Au cours des derniers jours, l’un de ses principaux sujets de discussion a été le Kurdistan, et s’il existait.
 
« Si vous l’aimez tant, alors partez de la Turquie. Allez dans le nord de l’Irak. Le Kurdistan est là. Il n’y a pas de place pour vous dans ce pays. Nous avons notre peuple et Dieu derrière nous », a déclaré samedi le président turc dans l’un de ses discours de campagne enflammés dans la ville de Trabzon, sur la mer Noire, ciblant le Parti démocratique des peuples (HDP) pro-Kurde.
 
Selon les résultats des deux dernières élections générales, le HDP bénéficie du soutien de près de six millions d’électeurs.
 
Presque tous les jours de la semaine dernière, le président turc Recep Tayyip Erdogan a condamné l’utilisation du mot « Kurdistan » par Sezai Temelli, co-leader du HDP, devant des milliers de ses partisans, dans le but d’apaiser les craintes des nationalistes turcs face aux exigences d’autonomie des Kurdes.
 
Temelli a demandé à Erdogan de s’excuser auprès du peuple kurde pour avoir « insulté ses valeurs ».
 
Le dirigeant turc conteste la désignation par le HDP des régions turques à majorité kurde à l’est et au sud-est du pays en tant que Kurdistan, terme utilisé depuis des siècles, y compris à l’époque ottomane comme entité administrative.
 
Il l’a présenté comme une menace existentielle pour l’Etat turc, exhortant les électeurs à soutenir les candidats à la mairie de son Parti de la justice et du développement aux racines islamistes et ceux du Parti du mouvement nationaliste (MHP) de l’extrême-droite.
 
« C’est une question de survie.

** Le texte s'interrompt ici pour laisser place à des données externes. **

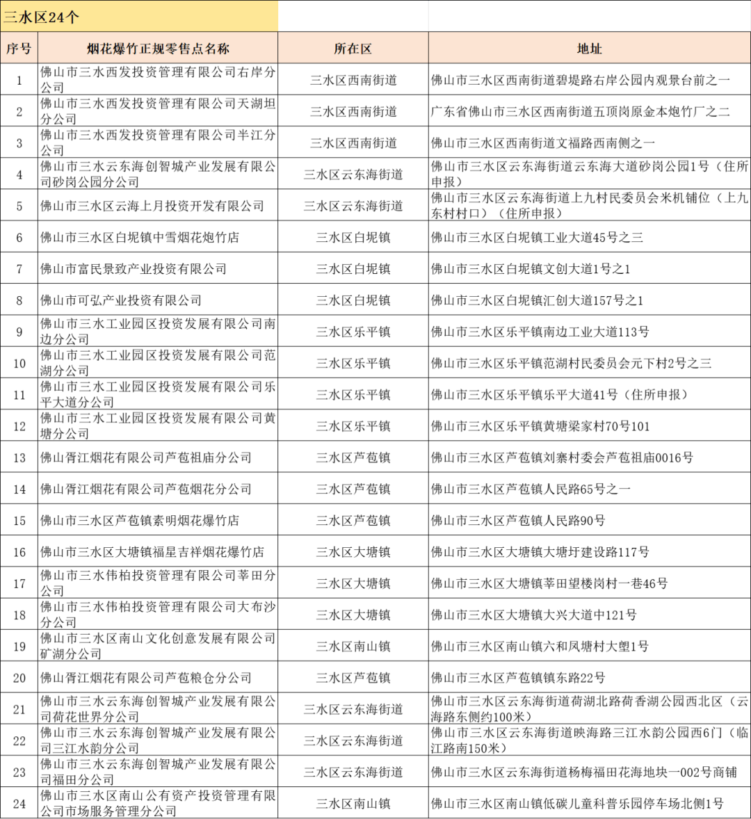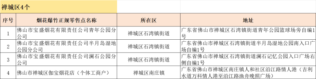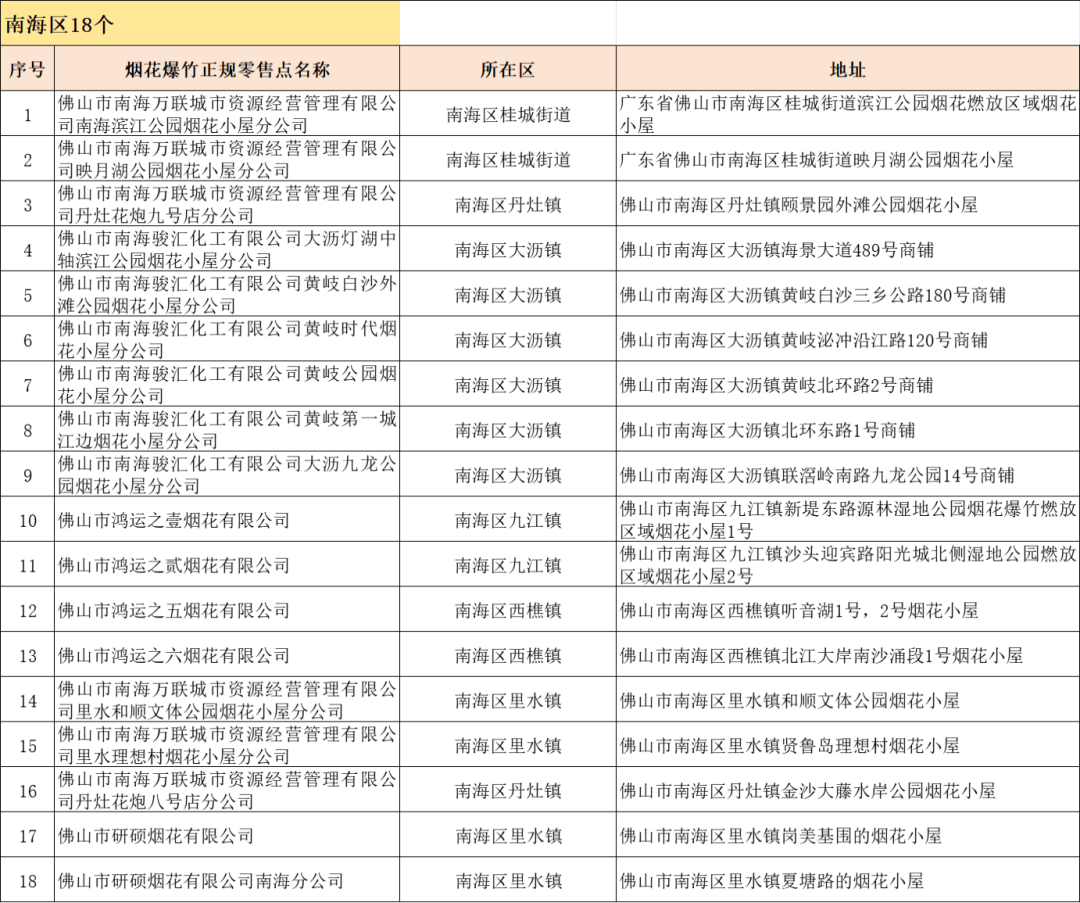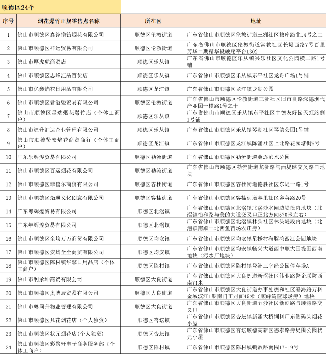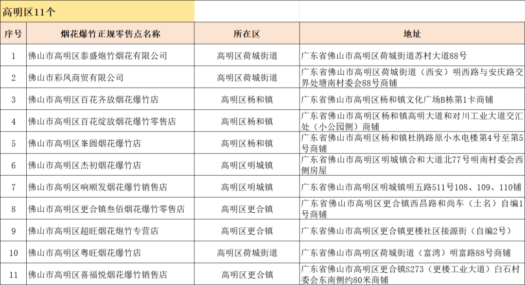 佛山市烟花爆竹正规零售点更新啦

Contre qui ? Le CHP et le parti soutenu par l’organisation terroriste », a déclaré Erdogan, faisant ostensiblement référence au HDP et au Parti des Travailleurs du Kurdistan (PKK).
 
Le CHP, le parti kémaliste, le HDP et d’autres partis d’opposition ont formé une alliance électorale non officielle pour lutter contre l’AKP-MHP.
 
M. Erdogan accuse l’opposition de « travailler avec des terroristes » à l’approche des élections locales du 31 mars, au cours desquelles plus de 1 400 maires et conseils municipaux de villes et de provinces seront élus.